» **Your objective**: Begin with the line containing "Perpignan, February 13, 2025, 2nd", end with the last line of the records, and retype everything in between exactly, without the pictures.

-------------------------

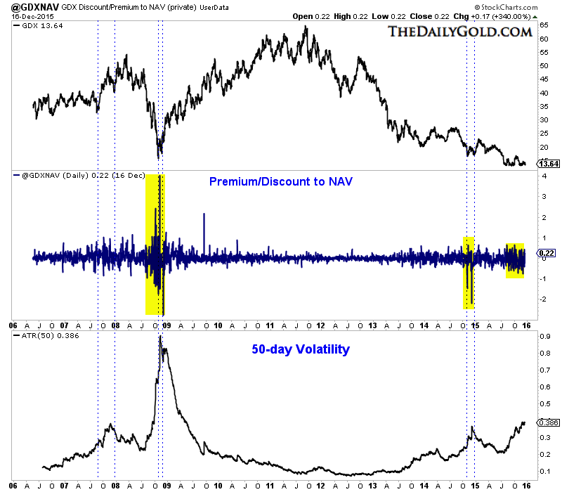 We have not presented this chart publicly until now. It plots GDX and the difference between its premium or discount to NAV. We plot the volatility of that data at the bottom of the chart. Note that spikes in the data or sharp increases in its volatility have coincided with important lows in GDX. As GDX has tried to base in recent months the volatility in its premium or discount to NAV has reached the highest levels since the 2008 low.
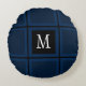 Dark Navy Blue Custom Single Initial Striped Round Cushion
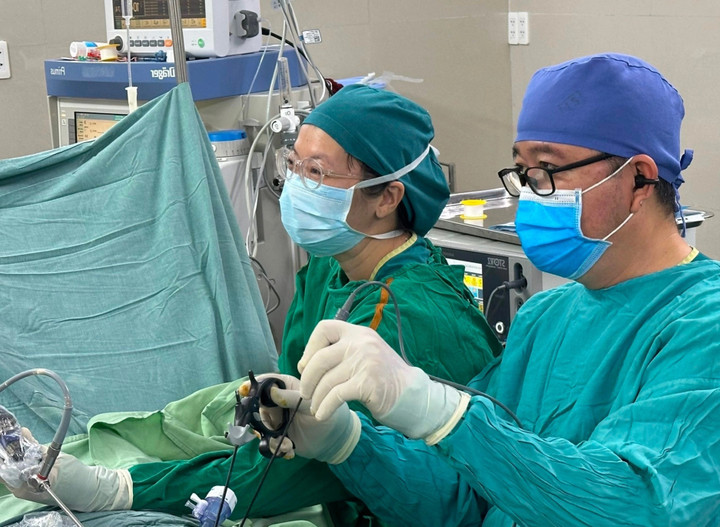 Ngay lập tức, bệnh nhi được ổn định tình trạng nhiễm trùng và lên lịch phẫu thuật lấy sỏi. Ê kíp phẫu thuật lấy sỏi bằng phương pháp nội soi với vết mổ xâm lấn tối thiểu, ít gây đau và thời gian hồi phục nhanh.
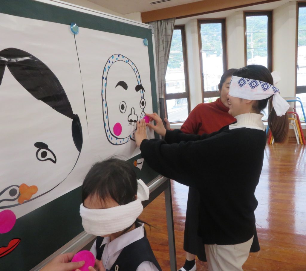 お正月にちなんで、十二支の歌や福笑い対決で盛り上がりました。
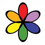 Esta rueda de colores muestra en los radios opuestos de que color aparecerá un compuesto si sólo absorbe un único color en el espectro visible. Por ejemplo, si el compuesto absorbe la luz de color rojo, aparecerá de color verde.
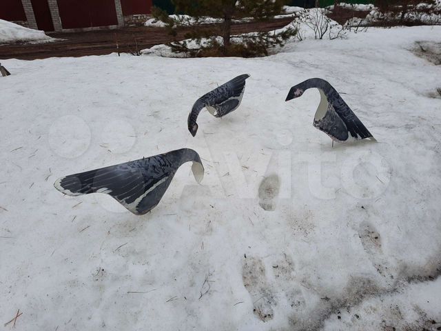 Самодельные чучела гусей. Пластик. Быстро устанавливаются, легко и компактно собираются. Возможность регулировки наклона от "кормящегося" до " сторожевого". Цена одного 350р. Всего 14шт. Продаю комплектом. Здесь бываю редко. Звонтте пишите в927205 26 тридцать.
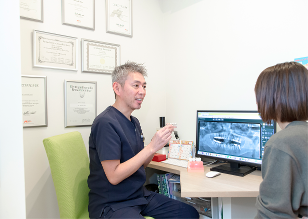 不安の多い治療だからこそ、当院は説明を重視しています。メリットだけでなく、デメリット・リスク・代替治療(入れ歯/ブリッジ等)まで含めて比較し、納得できる選択をサポートします。
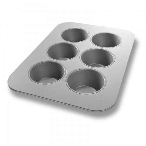 Pecan Roll/Large Muffin Pan, 11-1/8" x 15-3/4" overall, makes (6) 3-11/16" dia. mini-swirl cakes, 8.2 oz. capacity each, curled rim, hand wash recommended, 22 gauge panel/26 gauge cups, aluminized steel, AMERICOAT® ePlus silicone glaze, PFOA free, made in the USA with global materials
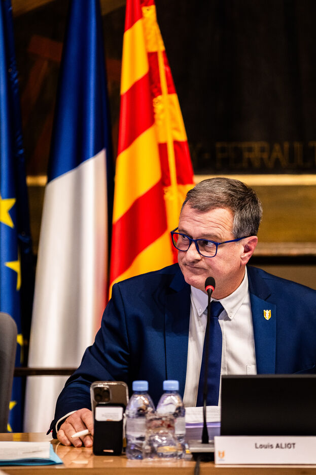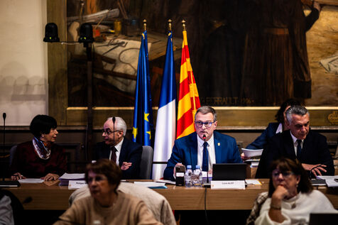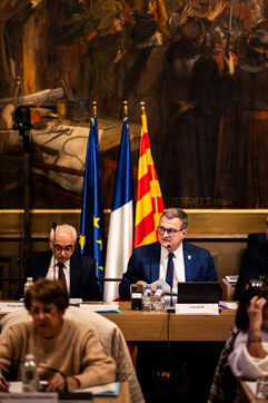 Perpignan, February 13, 2025, 2nd town council of the year, chaired by Louis Aliot, Rassemblement National mayor of the town of over 120,000 inhabitants.
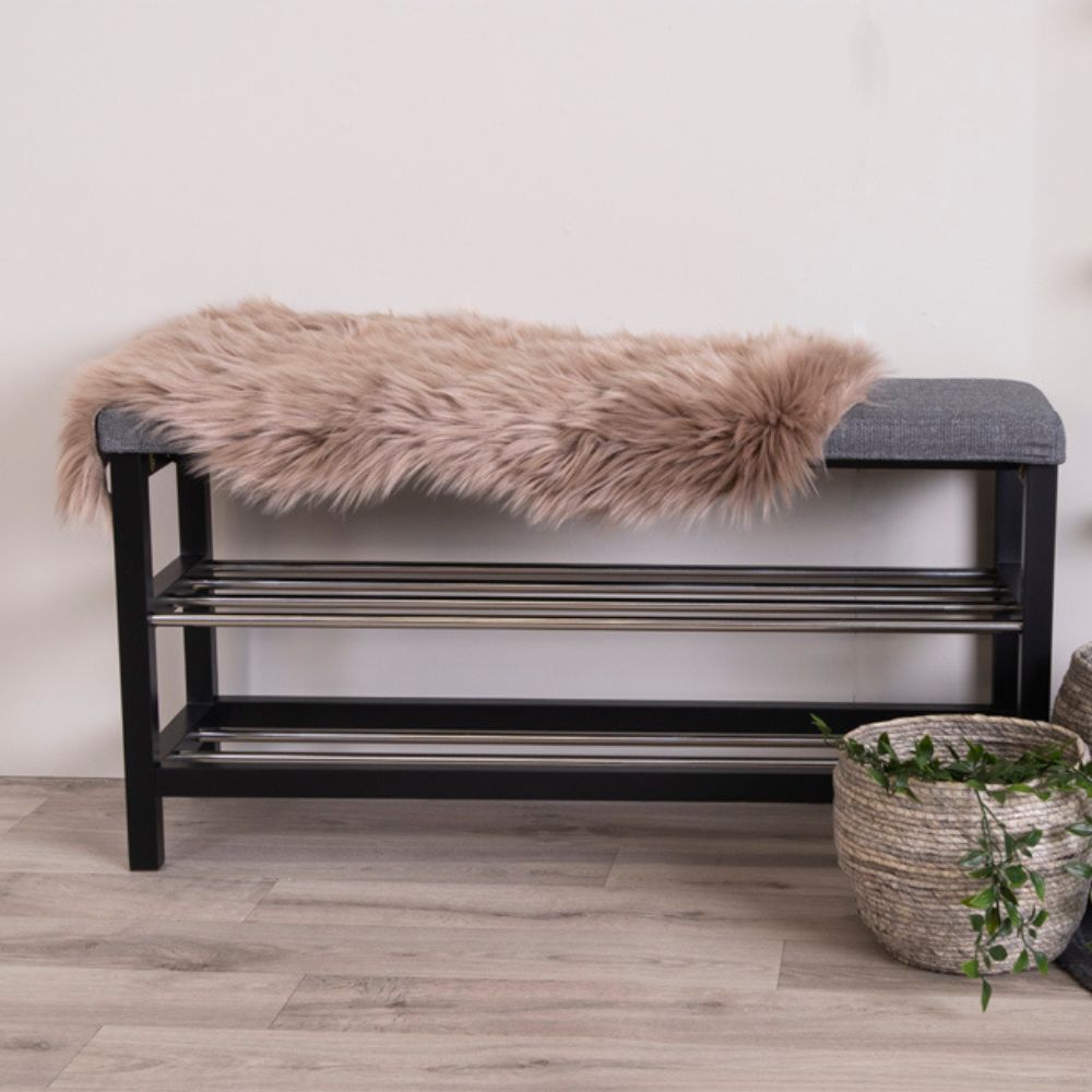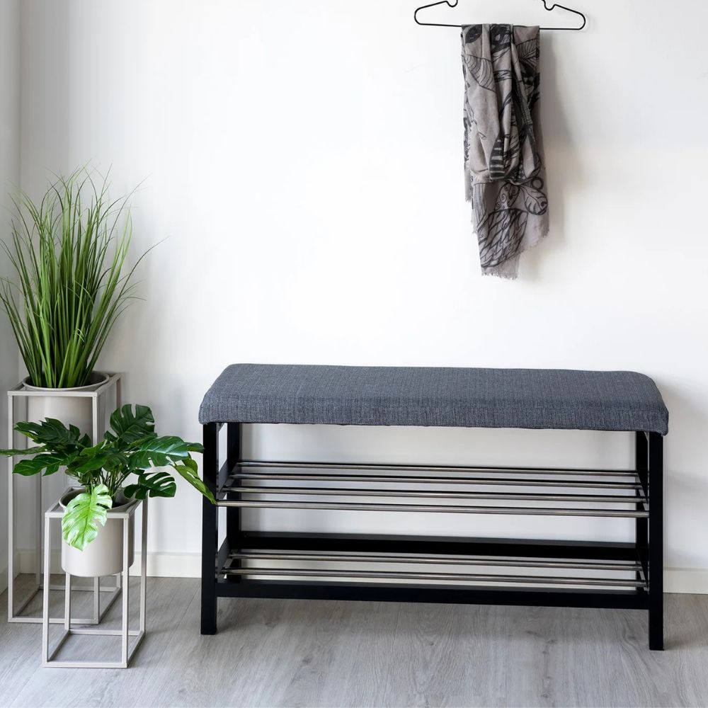 Moderne Sitzbank mit Kissen und 2 Ablegeböden für z.B. Schuhe.

-------------------------

» **Reply**:
 Perpignan, February 13, 2025, 2nd town council of the year, chaired by Louis Aliot, Rassemblement National mayor of the town of over 120,000 inhabitants.
 Moderne Sitzbank mit Kissen und 2 Ablegeböden für z.B. Schuhe.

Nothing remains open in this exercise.